Agreement provides duty-free access for 97% of exports to EU, PM Ardern says

New Zealand Prime Minister Jacinda Ardern expects the deal to increase exports to the EU.   © Reuters

BRUSSELS (AP) -- The European Union and New Zealand said Thursday they have concluded a free trade deal after four years of negotiations and sealed a partnership to reinforce their cooperation against organized crime and terrorist groups.

According to the EU, trade with New Zealand is expected to increase by 30% as a result of the deal, with removing tariffs alone saving businesses 140 million euros ($146 million) in duties per year.

"This is a historic moment," said Ursula von der Leyen, the head of the EU's executive branch. "It is a solid and it is a modern trade agreement. It brings major opportunities to our companies, our farmers, our consumers. And important: on both sides."

The 27-nation bloc said Thursday that EU investment flows into New Zealand could increase by over 80%.

Bilateral trade in goods between the two partners has risen steadily in recent years, reaching almost 7.8 billion euros in 2021. The EU is New Zealand's third-biggest trade partner.
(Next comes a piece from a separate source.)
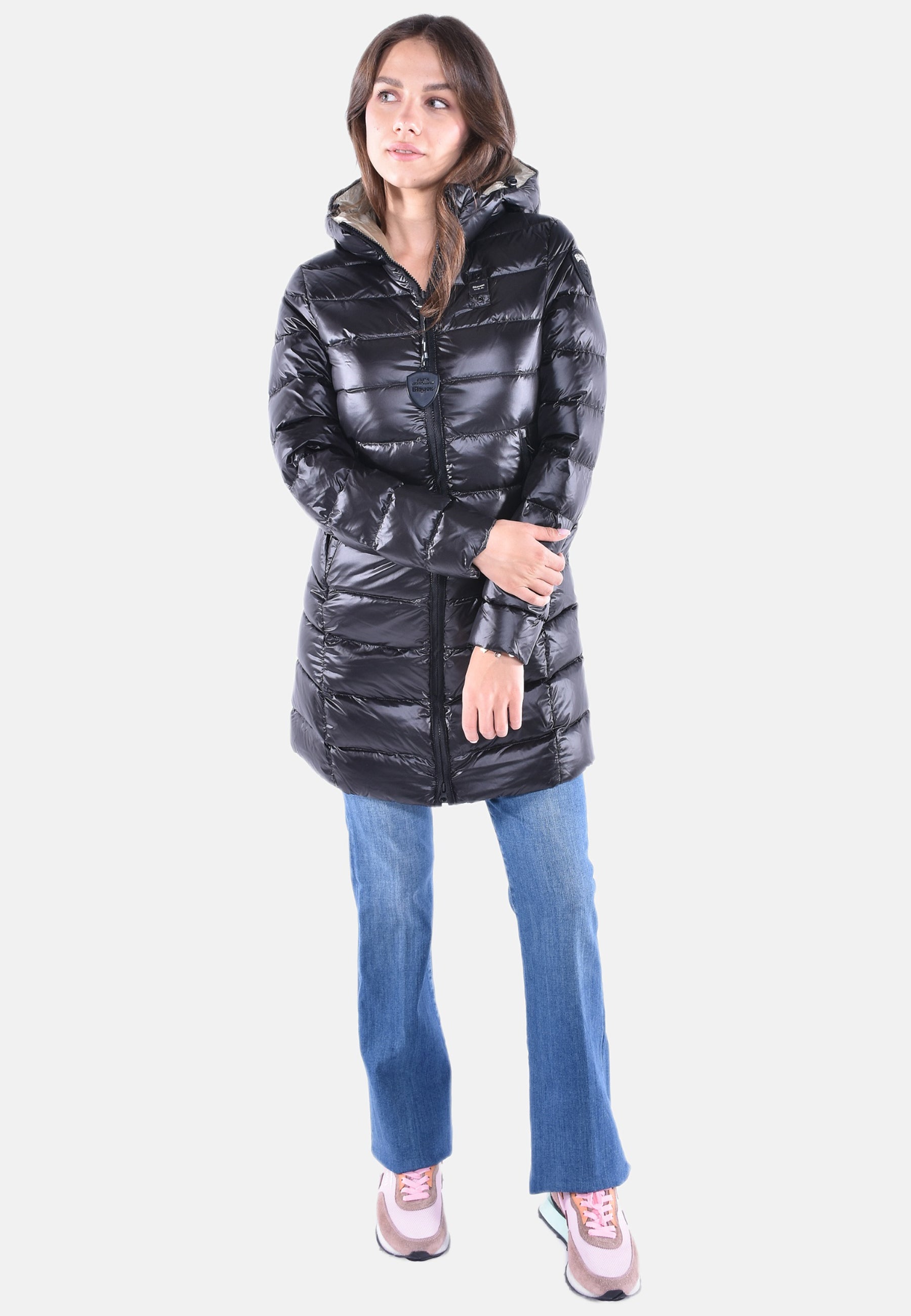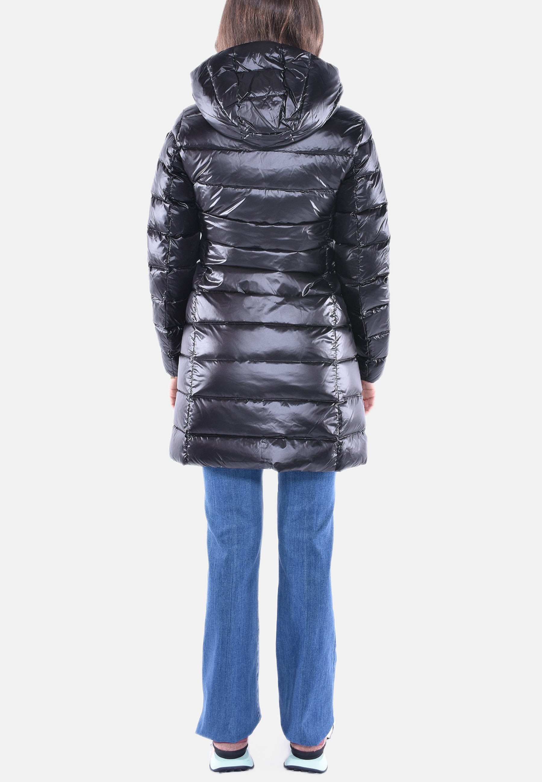 Piumino lungo donna leggermente svasato in nylon cangiante imbottito piuma leggera e cappuccio fisso con coulisse.

New Zealand Prime Minister Jacinda Ardern said the deal provides duty-free access for 97% of New Zealand's current exports to the EU, with 91% being lifted on the day the deal will be implemented.

Von der Leyen said the deal protects 200 European agri-food products with geographical indicators, and guarantees that almost all tariffs will be eliminated on EU exports to New Zealand.

The deal will enter into force once the European Parliament has endorsed it and New Zealand has ratified it.

In addition, both sides agreed on closer cooperation on law enforcement with a deal between New Zealand and Europol, the EU's crime agency. Von der Leyen said it will help prevent terrorist attacks that took place in previous years on EU and New Zealand soil and will address online terrorist content.